Interviewer Megan Sukys also digs up a little personal history: How his family got religion (via adultery), how they responded when he came out (it wasn’t pretty), and whether literature, and language, can be a person’s religion.
Listen to the whole thing here.
(Christopher’s interview begins around 43:30—before that, you can listen to a poet with breast cancer [the beginning], trapeze artists in love [14:00], and Nancy Pearl talk about Ender’s Game and a book about health care [34:20].)
Comments
He sure is dreamy.
trapeze-oids.
the debate over what can or can not be a religion to someone has always struck me as inordinately bootless.

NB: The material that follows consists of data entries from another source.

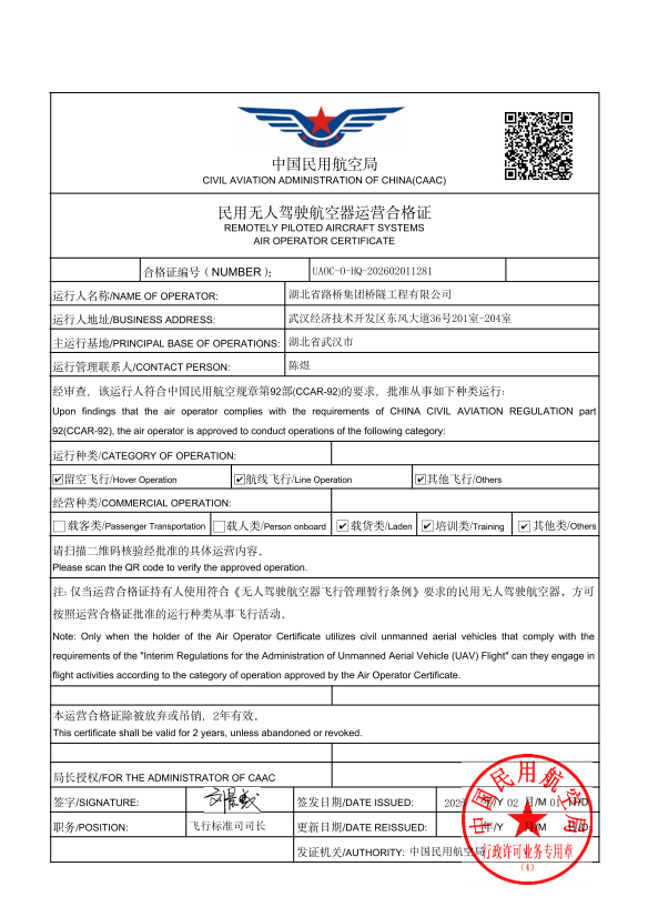 近日,橋隧公司測(cè)量監(jiān)測(cè)服務(wù)中心成功取得測(cè)繪乙級(jí)資質(zhì)(涵蓋工程測(cè)量、界線與不動(dòng)產(chǎn)測(cè)繪、攝影測(cè)量與遙感專業(yè))和民用無(wú)人駕駛航空器運(yùn)營(yíng)合格證,為橋隧公司進(jìn)一步完善業(yè)務(wù)布局、提升綜合服務(wù)能力、拓寬市場(chǎng)領(lǐng)域注入新動(dòng)能。
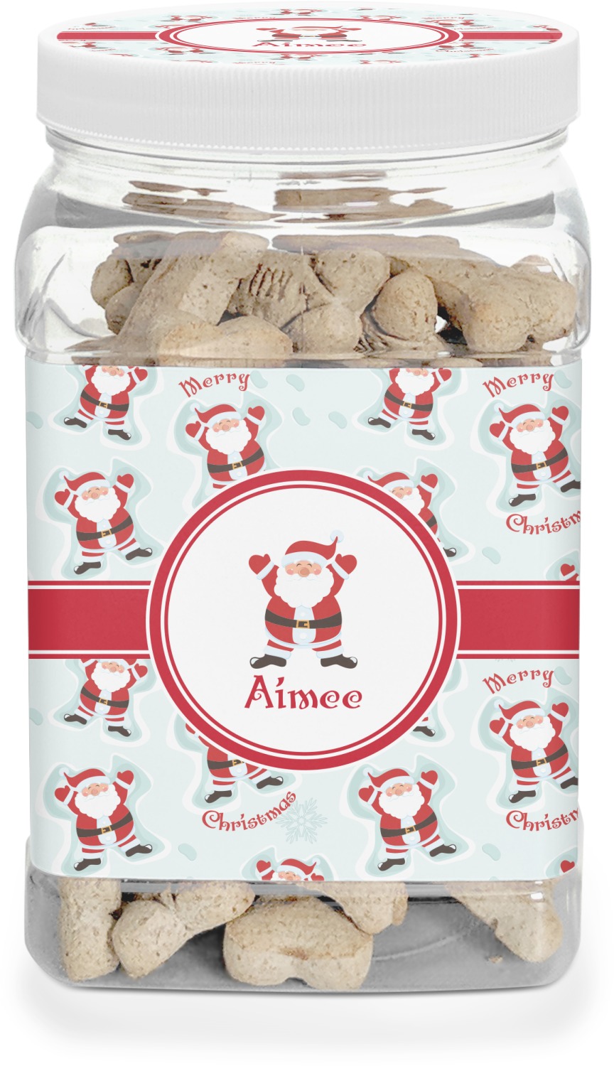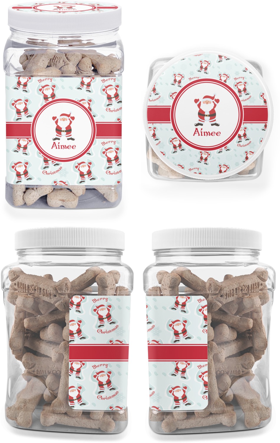 This half gallon jar, made from a sturdy plastic, is the perfect way to keep treats from any naughty pet paws, while still keeping them ready on hand for when your pup performs an impressive trick. This dog cookie jar features a screw-on, white lid that displays your personalized design on a vinyl sticker. We apply another customized sticker that wraps around the front and sides of the jar. Our dog treat jar also has indentations on the rear ends of the sides, which allows for convenient handling, and its square frame allows for easy storage.
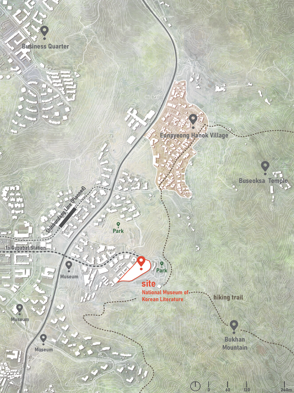 With three-quarters of its topography consisting of elevated terrain, mountains have always held a special meaning in Korean culture and literature. The design for the National Korean Literature Museum takes full advantage of its natural surroundings and the nation’s cultural heritage to create an experience of ascending a literary mountain in the shadows of Bukhansan.
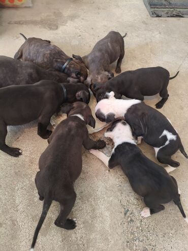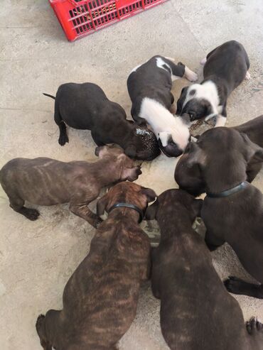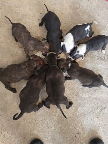 Щенки среднего размера (помет). Окрас разный: тигровый, темно-серый/почти черный, а также черно-белые с белыми отметинами. Крепкое телосложение, короткая гладкая шерсть, купирования нет. Со сходными по типу родителями-компаньонами.
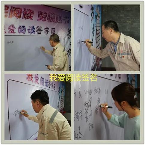 贈書結(jié)束后,公司領(lǐng)導(dǎo)和現(xiàn)場所有勞動模范代表、職工代表在“全民閱讀·我愛閱讀”簽名區(qū)簽字留念。一個個簽名,簽下的是公司領(lǐng)導(dǎo)對“全民閱讀”工作和職工讀書學(xué)習(xí)的高度重視,簽下的是廣大職工會員對讀書閱讀的熱愛和對新材料這個大家庭的愛!
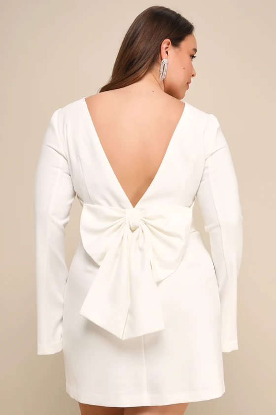 Elegant Cutie Ivory Bow Long Sleeve Backless Mini Dress
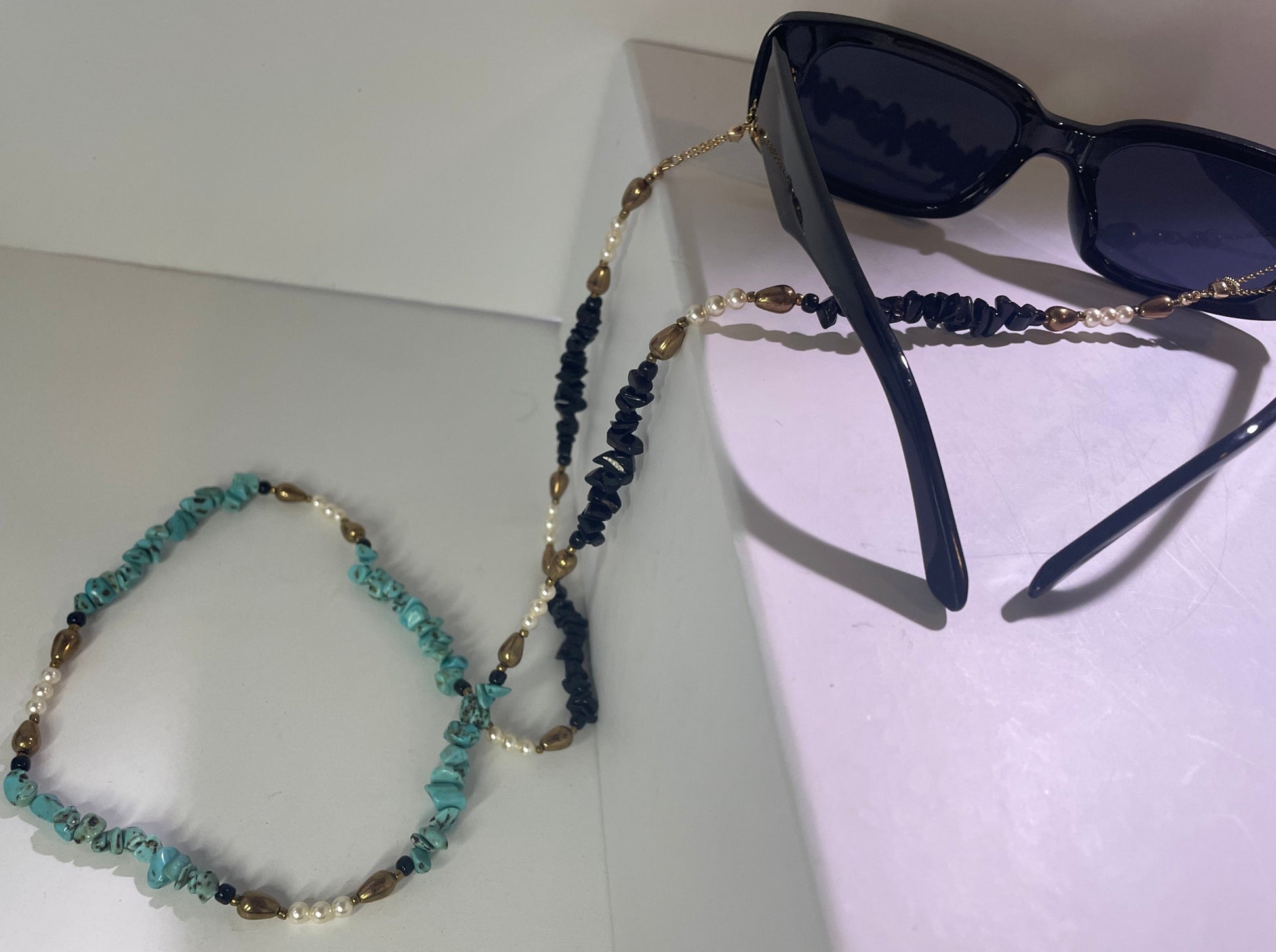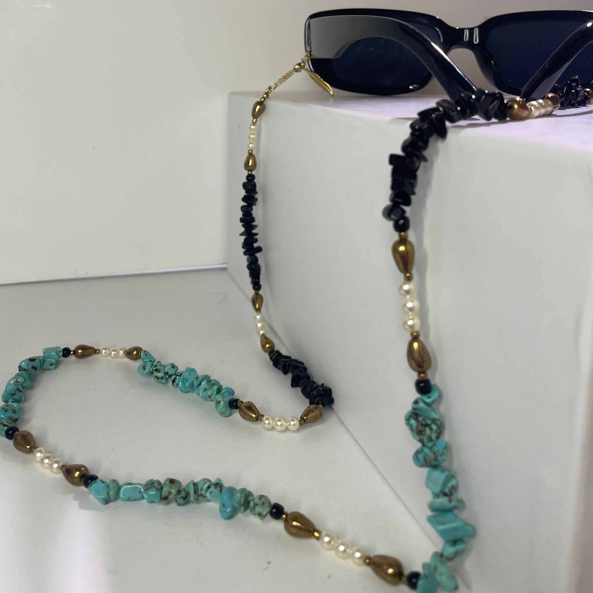 At each ends of the beaded chain are the uniquely designed adjustable gold loops. These are constructed to conveniently fit the particular size arms of your glasses, while giving your look a more polished and decorative feel. The adjustable loops are made with gold filled chain that is pulled through a sterling silver slider bead lined with silicone on the inside for a smooth glide.
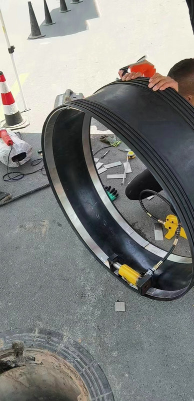 管道非開挖局部修復(fù)不銹鋼雙漲圈雙漲環(huán)工藝是專門用于大口徑管道(DN600mm-DN3000mm)接口錯位或滲漏的非開挖修復(fù)技術(shù),修復(fù)質(zhì)量高、施工便捷、簡便、工期短、實用性強,設(shè)計合理施工不受地面交通、環(huán)境溫度的影響。不銹鋼雙脹圈使用新型材料,現(xiàn)有產(chǎn)品比原有材料更加輕便,操作起來更為簡單,輕松,適用管材:混凝土管、玻璃纖維管、鋼管、鑄鐵管、塑料管、陶土管。不銹鋼雙漲圈(雙漲環(huán))根據(jù)管道內(nèi)徑,首先定制不銹鋼壓條和橡膠止水帶,然后進入管道安裝,先手工固定橡膠止水帶,通過擴張器,用不銹鋼條壓住橡膠止水帶,從而完成管道局部防滲漏修復(fù),再對管道滲漏處進行注漿處理。

and schmader today. i am enjoying this.
obviously the plethora of writers that offed themselves didnt believe that.
My respect for Frizzelle increased greatly upon hearing this interview. Moby Dick is a better read than either Testament, anyway, even with the long passages on whaling.
For awhile, I joined a Quaker meeting, but then I started reading In Cold Blood and realized my Sunday mornings were better spent at the coffeeshop. Although I remain pacifist and quasi-mystical, I reckon I'll burn in hell with dear Truman discussing why the Inferno is more entertaining than the Paradiso. Until we get bored and go check what's down in the Stranger Cavern.